**Aim of the exercise**
Each line from the one with "Glenafton rallied and" through the last line of the material is to be printed exactly; no other line and no picture belongs in the copy.
-------- Dataset extract
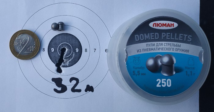 Раптор 3 5,5, коротыш. Люман 5,5мм вес 1,1грамм. Для лучшей кучности скорость делал ниже чем для JSB.
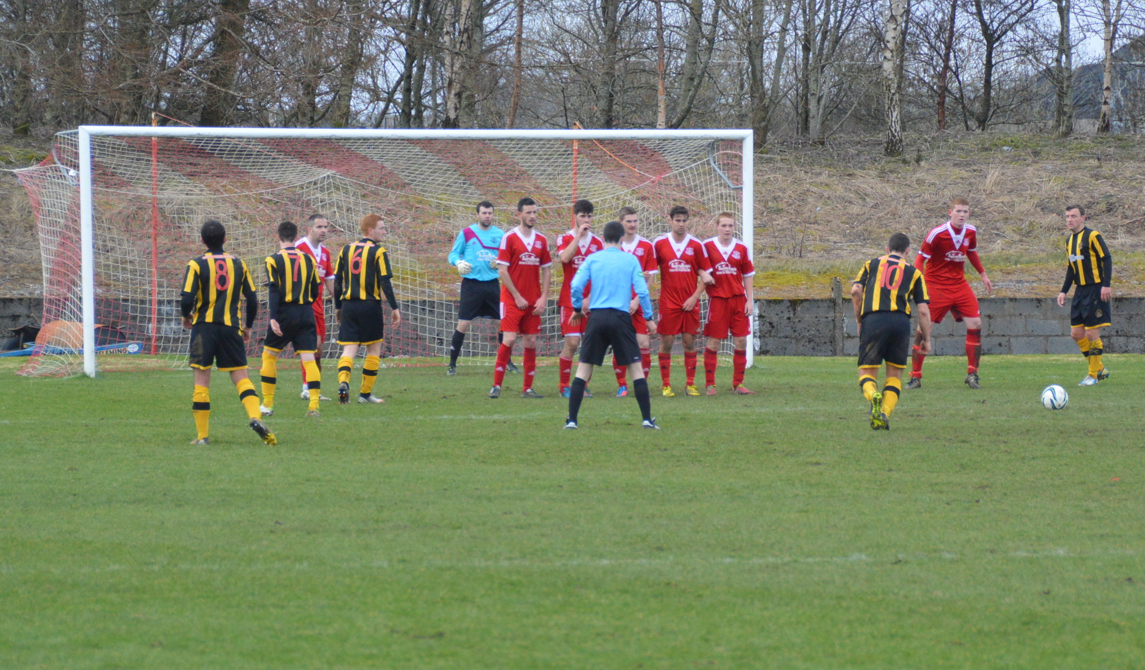 Glenafton rallied and a neat one two by Kinney and Marlow by-passed Pettigrew only for Willie Lyle with a timely tackle rob Marlow in the box. Soon after, ten minutes from the break, Marlow skipped past John White and drove into the box before drilling a low shot from 8 yards out which although went through Leishman’s legs, the ball’s pace had been killed giving the big keeper time to swivel and smother the ball.
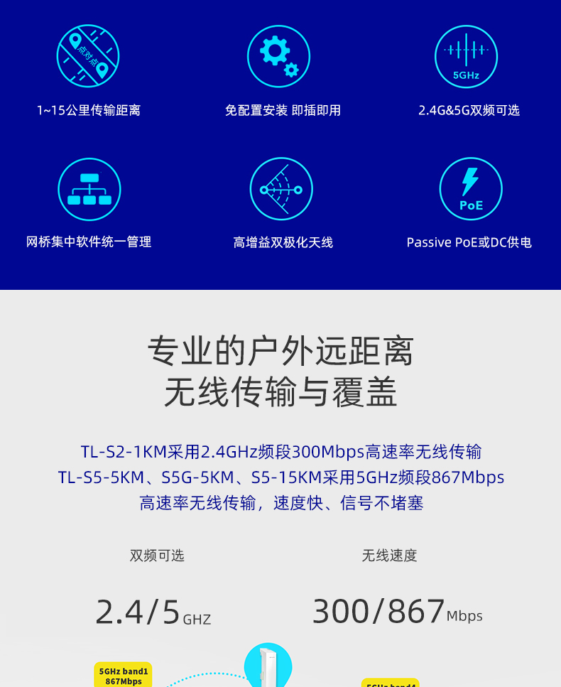 普联 无线网桥 TL-S2-1KM 塑料 300M 1公里传输 1套
----------------
**Exercise answer**
 Glenafton rallied and a neat one two by Kinney and Marlow by-passed Pettigrew only for Willie Lyle with a timely tackle rob Marlow in the box. Soon after, ten minutes from the break, Marlow skipped past John White and drove into the box before drilling a low shot from 8 yards out which although went through Leishman’s legs, the ball’s pace had been killed giving the big keeper time to swivel and smother the ball.
 普联 无线网桥 TL-S2-1KM 塑料 300M 1公里传输 1套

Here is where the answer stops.